* [Record set]
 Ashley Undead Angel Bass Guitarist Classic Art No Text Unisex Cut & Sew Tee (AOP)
---
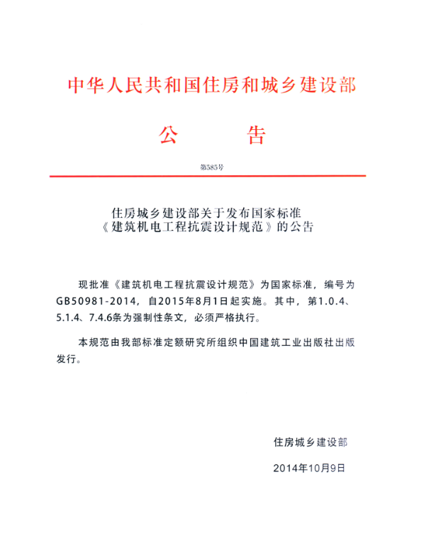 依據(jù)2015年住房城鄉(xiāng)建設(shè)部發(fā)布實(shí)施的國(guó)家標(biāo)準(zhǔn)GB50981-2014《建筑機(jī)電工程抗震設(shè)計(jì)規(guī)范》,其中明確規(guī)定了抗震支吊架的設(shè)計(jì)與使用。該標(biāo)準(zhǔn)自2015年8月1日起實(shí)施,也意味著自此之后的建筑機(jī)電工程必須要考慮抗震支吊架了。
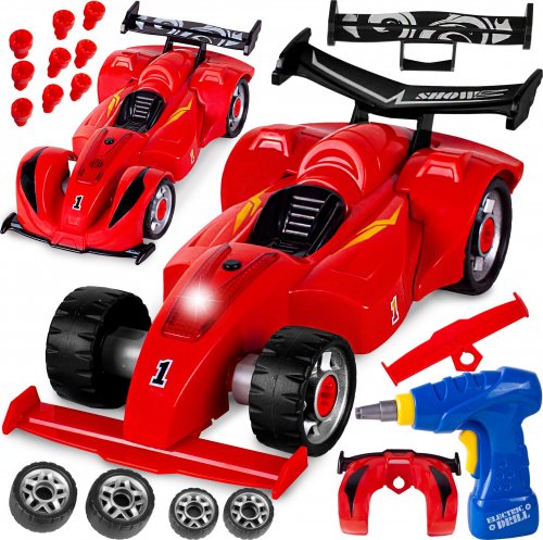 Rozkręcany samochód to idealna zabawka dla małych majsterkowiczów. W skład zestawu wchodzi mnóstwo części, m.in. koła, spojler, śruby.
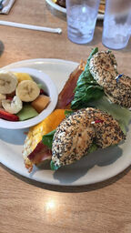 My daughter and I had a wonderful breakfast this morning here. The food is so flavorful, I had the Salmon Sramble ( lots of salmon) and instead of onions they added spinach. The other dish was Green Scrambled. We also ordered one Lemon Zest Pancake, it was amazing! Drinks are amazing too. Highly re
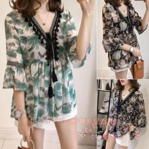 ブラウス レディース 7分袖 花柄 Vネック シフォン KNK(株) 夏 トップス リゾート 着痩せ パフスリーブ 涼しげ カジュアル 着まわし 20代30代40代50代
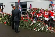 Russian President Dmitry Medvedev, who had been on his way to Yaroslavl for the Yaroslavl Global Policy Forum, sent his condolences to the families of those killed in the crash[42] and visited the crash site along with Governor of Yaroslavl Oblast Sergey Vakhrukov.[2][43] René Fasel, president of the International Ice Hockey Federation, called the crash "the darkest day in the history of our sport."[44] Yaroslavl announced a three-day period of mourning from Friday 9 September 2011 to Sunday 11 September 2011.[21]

* [Assignment]
Look back over the records above. Reproduce exactly everything from the line with "Rozkręcany samochód to" down to the line with "ブラウス レディース 7分袖", inclusive, and leave the pictures out.

* [Problem solution]
 Rozkręcany samochód to idealna zabawka dla małych majsterkowiczów. W skład zestawu wchodzi mnóstwo części, m.in. koła, spojler, śruby.
 My daughter and I had a wonderful breakfast this morning here. The food is so flavorful, I had the Salmon Sramble ( lots of salmon) and instead of onions they added spinach. The other dish was Green Scrambled. We also ordered one Lemon Zest Pancake, it was amazing! Drinks are amazing too. Highly re
 ブラウス レディース 7分袖 花柄 Vネック シフォン KNK(株) 夏 トップス リゾート 着痩せ パフスリーブ 涼しげ カジュアル 着まわし 20代30代40代50代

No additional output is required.